*** Opening Recorded data ***
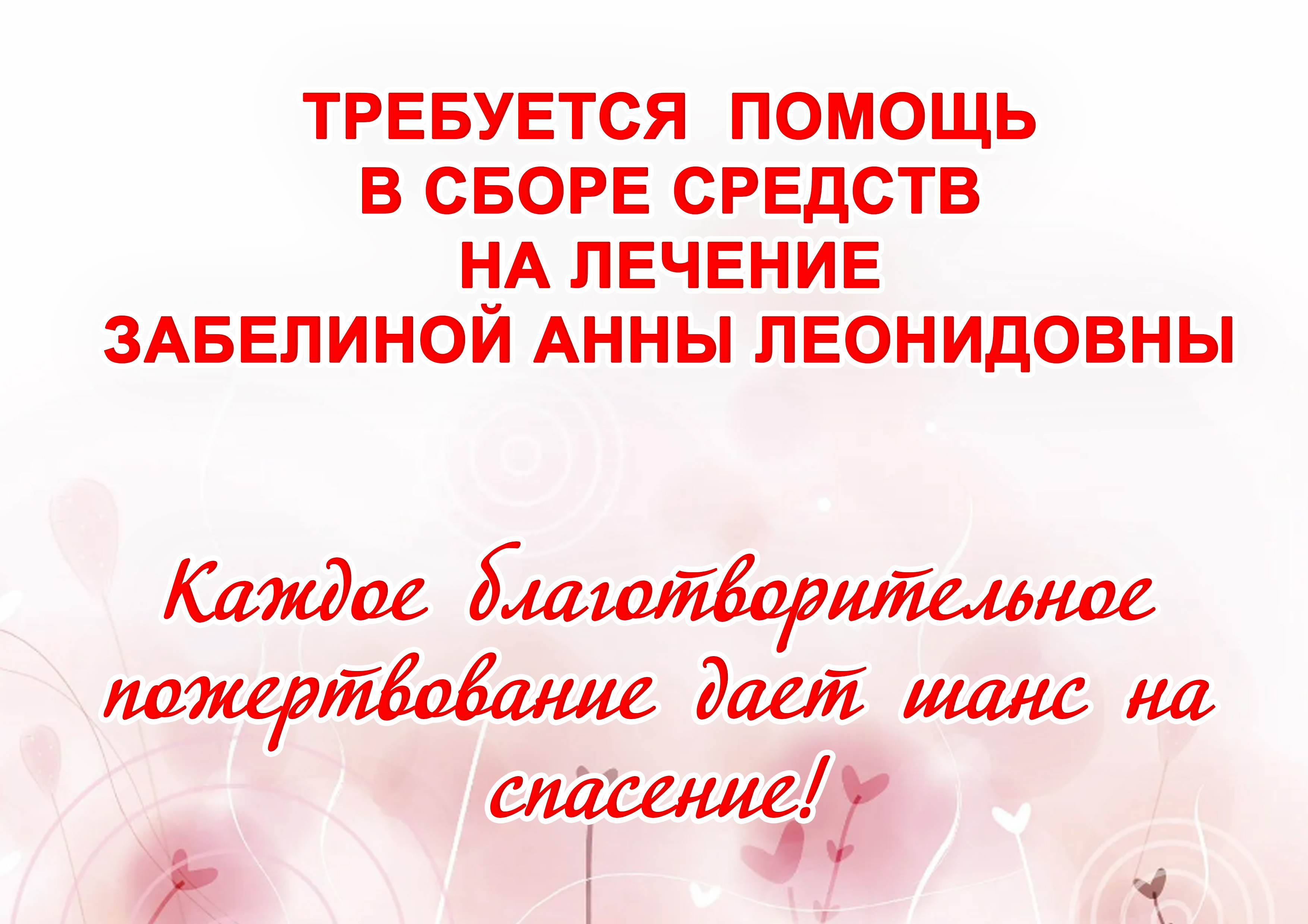Назначение платежа: на лечение Забелиной Анны Леонидовны
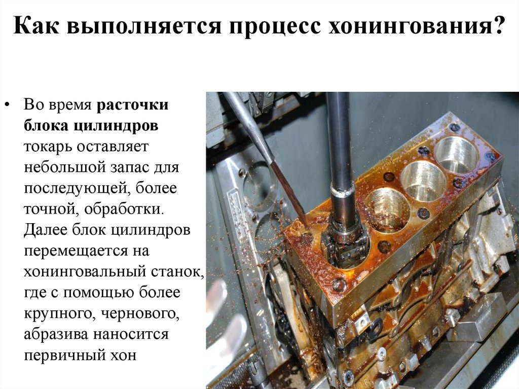 Процесс хонингования цилиндров двигателя состоит из двух частей.
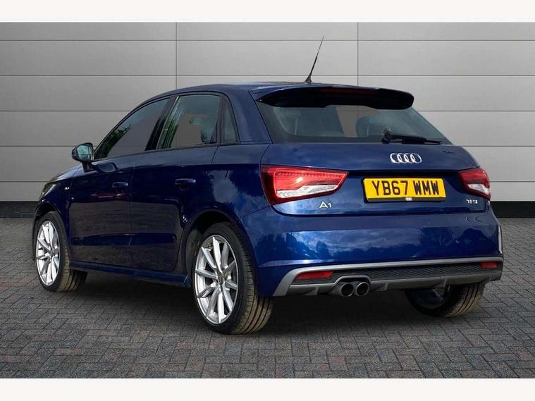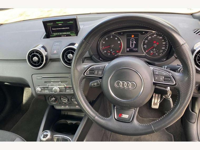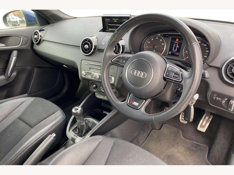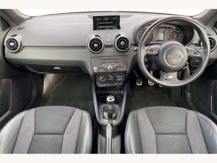 Audi drive select, Cruise control, Driver's information system, Electro-mechanical PAS, Low washer fluid indicator, Service interval indicator, Voice control system, Additional SD card reader, Audi music interface, Bluetooth audio streaming, DAB Digital radio, Adaptive brake lights, Body coloured bumpers, Body coloured door mirrors, Electric adjustable door mirrors, Electric front windows, Electric rear windows, Front fog lights, Heat insulating glass, Heated door mirrors, Heated rear windscreen, Rear diffuser, Rear wiper, Roof spoiler, S Line body styling, Xenon plus headlights including automatic headlights, LED daytime running lights, LED rear lights, dynamic range control and headlight washers, 12V Accessory socket in centre console, Adjustable rear head restraints, Black cloth headlining, Cupholders in centre console, Door sills trims with aluminium inlays, Front floor mats, Front head restraints, Height adjustable front seats, Illuminated glovebox, Isofix attachments on outer rear seats, Jack and tool kit, Leather handbrake, Lumbar adjustment for front seats, Rake/reach adjustable steering wheel, Split folding rear seats, Non smoking pack - A1, ABS/EBD, Brake assist function, Driver and passenger side airbags, Driver/Front Passenger airbags, EDL, ESP with ASR, First aid kit, Front and rear seatbelt reminder, Front passenger airbag deactivation, Head airbags, Height adjustable front seatbelts, Tyre pressure monitor, Warning triangle, Locking wheel bolts, Remote control central locking, Thatcham category 1 alarm + immobiliser, Tyre repair kit,
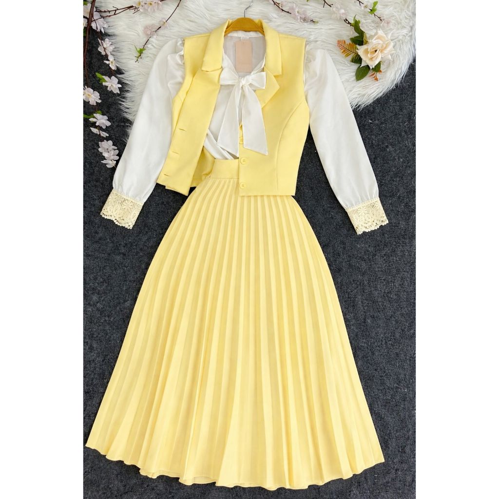 Este CONJUNTO ALFAIATARIA é a combinação perfeita para eventos casuais ou formais! O colete possui modelagem acinturada, fechamento frontal e detalhes que valorizam a silhueta. Já a saia, em comprimento midi alongado, apresenta plissado suave que traz elegância e fluidez. -Corte de alfaiataria com acabamento premium; -Colete com fechamento frontal e modelagem ajustada; -Saia plissada midi com caimento fluido; -Tecido encorpado e confortável; TABELA DE MEDIDAS: Tamanho P COLETE: Busto- 48cm Comprimento- 51cm SAIA: Cintura/36-38cm Comprimento--94cm Tamanho M COLETE: Busto- 51cm Comprimento-52cm SAIA: Cintura/38-40cm Comprimento:95cm Tamanho G COLETE: Busto- 53cm Comprimento-53cm SAIA: Cintura/40-42cm Comprimento:96cm
*** Closing Recorded data ***
Your objective » Reproduce the whole listing above character for character; pictures do not belong in it.

Written answer »
Назначение платежа: на лечение Забелиной Анны Леонидовны
 Процесс хонингования цилиндров двигателя состоит из двух частей.
 Audi drive select, Cruise control, Driver's information system, Electro-mechanical PAS, Low washer fluid indicator, Service interval indicator, Voice control system, Additional SD card reader, Audi music interface, Bluetooth audio streaming, DAB Digital radio, Adaptive brake lights, Body coloured bumpers, Body coloured door mirrors, Electric adjustable door mirrors, Electric front windows, Electric rear windows, Front fog lights, Heat insulating glass, Heated door mirrors, Heated rear windscreen, Rear diffuser, Rear wiper, Roof spoiler, S Line body styling, Xenon plus headlights including automatic headlights, LED daytime running lights, LED rear lights, dynamic range control and headlight washers, 12V Accessory socket in centre console, Adjustable rear head restraints, Black cloth headlining, Cupholders in centre console, Door sills trims with aluminium inlays, Front floor mats, Front head restraints, Height adjustable front seats, Illuminated glovebox, Isofix attachments on outer rear seats, Jack and tool kit, Leather handbrake, Lumbar adjustment for front seats, Rake/reach adjustable steering wheel, Split folding rear seats, Non smoking pack - A1, ABS/EBD, Brake assist function, Driver and passenger side airbags, Driver/Front Passenger airbags, EDL, ESP with ASR, First aid kit, Front and rear seatbelt reminder, Front passenger airbag deactivation, Head airbags, Height adjustable front seatbelts, Tyre pressure monitor, Warning triangle, Locking wheel bolts, Remote control central locking, Thatcham category 1 alarm + immobiliser, Tyre repair kit,
 Este CONJUNTO ALFAIATARIA é a combinação perfeita para eventos casuais ou formais! O colete possui modelagem acinturada, fechamento frontal e detalhes que valorizam a silhueta. Já a saia, em comprimento midi alongado, apresenta plissado suave que traz elegância e fluidez. -Corte de alfaiataria com acabamento premium; -Colete com fechamento frontal e modelagem ajustada; -Saia plissada midi com caimento fluido; -Tecido encorpado e confortável; TABELA DE MEDIDAS: Tamanho P COLETE: Busto- 48cm Comprimento- 51cm SAIA: Cintura/36-38cm Comprimento--94cm Tamanho M COLETE: Busto- 51cm Comprimento-52cm SAIA: Cintura/38-40cm Comprimento:95cm Tamanho G COLETE: Busto- 53cm Comprimento-53cm SAIA: Cintura/40-42cm Comprimento:96cm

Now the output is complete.